Ensure coro split pass only spills variables dominated by CoroBegin
AbandonedPublic

Authored by GorNishanov on Dec 20 2018, 3:42 PM.

Download Raw Diff

Details

Reviewers

modocache
tks2103

Summary

Ensure coro split pass only spills variables dominated by CoroBegin

Fixes https://bugs.llvm.org/show_bug.cgi?id=36578.

The old coro split code didn't run safety checks against certain
spillable variables; it would try to spill things that were not
dominated by CoroBegin.

This problem gets worse after the mem2reg
pass is run, as the code which checks that Arguments are safe to
spill is even more lax than the code which checks that
Instructions are safe to spill.

There's a test which checks two things:

First, that a store/load optimized away by mem2reg doesn't fail.

Second, if there is an allocator which takes a potentially
spillable argument, we have to check all of the other arguments
to that allocator to ensure there are no unspillable instructions
as well.

Diff Detail

Repository

rL LLVM

Build Status

Buildable 26527
Build 26526: arc lint + arc unit

Event Timeline

tks2103 created this revision.Dec 20 2018, 3:42 PM

Herald added a subscriber: llvm-commits. · View Herald TranscriptDec 20 2018, 3:42 PM

Harbormaster completed remote builds in B26208: Diff 179181.Dec 20 2018, 3:42 PM

Excellent progress! Thanks for working on this.

However I don't think this logic is quite right. My understanding is that in the context of coroutines transforms, the term "spill" refers to the definition of a value appearing before a suspend point, and a use of that value appearing after. All coroutines include an implicit suspend point at their start and end: the promise_type.initial_suspend and .final_suspend points. So any argument passed into a coroutine and then used from within its body does in fact "spill". For example:

task<int> foo(int x) {
  // Implicit initial suspend point here.
  int y = x + 1; // The definition of 'x' comes at the start of the function, and its use is here past the implicit initial suspend point, so 'x' "spills" across a suspend point.
  // ...
}

Because x spills, the coroutine transform passes move it onto the coroutine frame. This ensures that the value of x is preserved across suspend points.

The logic in this patch, however, prevents x in the example above from being considered a "spill." As a result, it is not moved onto the coroutine frame, and so its value is not preserved.

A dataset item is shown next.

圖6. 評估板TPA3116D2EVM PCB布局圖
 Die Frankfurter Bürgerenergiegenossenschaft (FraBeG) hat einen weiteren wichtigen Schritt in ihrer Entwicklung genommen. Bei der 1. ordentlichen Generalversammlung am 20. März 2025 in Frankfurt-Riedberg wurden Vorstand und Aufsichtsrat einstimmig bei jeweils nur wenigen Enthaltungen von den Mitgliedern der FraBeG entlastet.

You can see this in practice by looking at the sample program in https://godbolt.org/z/YNX4dS, which I'll also paste below:

#include <experimental/coroutine>
#include <iostream>

struct task {
  class promise_type;
  using handle_type = std::experimental::coroutine_handle<promise_type>;

  struct promise_type {
    task get_return_object() { return task{handle_type::from_promise(*this)}; }
    std::experimental::suspend_always initial_suspend() { return {}; }
    std::experimental::suspend_always final_suspend() { return {}; }
    void return_void() {}
    void unhandled_exception() { std::exit(1); }

    void *operator new(size_t sz, int x) {
      std::cout << __PRETTY_FUNCTION__ << " -> " << x << std::endl;
      return malloc(sz);
    }
  };

  handle_type handle = nullptr;

  explicit task(handle_type handle) : handle(handle) {}
  task(task&& t) : handle(t.handle) {}
  ~task() { if (handle) handle.destroy(); }
  void resume() { handle.resume(); }
};

task foo(int x) {
  std::cout << __PRETTY_FUNCTION__ << " -> " << x << std::endl;
  co_return;
}

int main() {
  task t = foo(42);
  t.resume();
}

At -O0 the program compilation succeeds, and when run it produces this output:

static void *task::promise_type::operator new(size_t, int) -> 42
task foo(int) -> 42

At -O1 the program produces the error described in https://bugs.llvm.org/show_bug.cgi?id=36578. With your patch applied, it no longer triggers the LLVM coroutines assert, but the value of x is lost:

static void *task::promise_type::operator new(size_t, int) -> 42
task foo(int) -> 0

So while this patch avoids the assert, it doesn't fix the underlying issue: that x spills and so needs to be stored on the coroutine frame, but it cannot be moved onto the coroutine frame because it is *also* used in the allocator of the frame. I'm not sure what the ideal solution here is... perhaps x needs to be duplicated as x.allocarg -- x.allocarg would be passed into the allocator and would not spill, whereas x would continue to be used in the body of the function and would be spilled (and could be moved past and dominated by @llvm.coro.begin). But I am not certain this would work in practice -- maybe @GorNishanov has thought about this problem some more since we last spoke?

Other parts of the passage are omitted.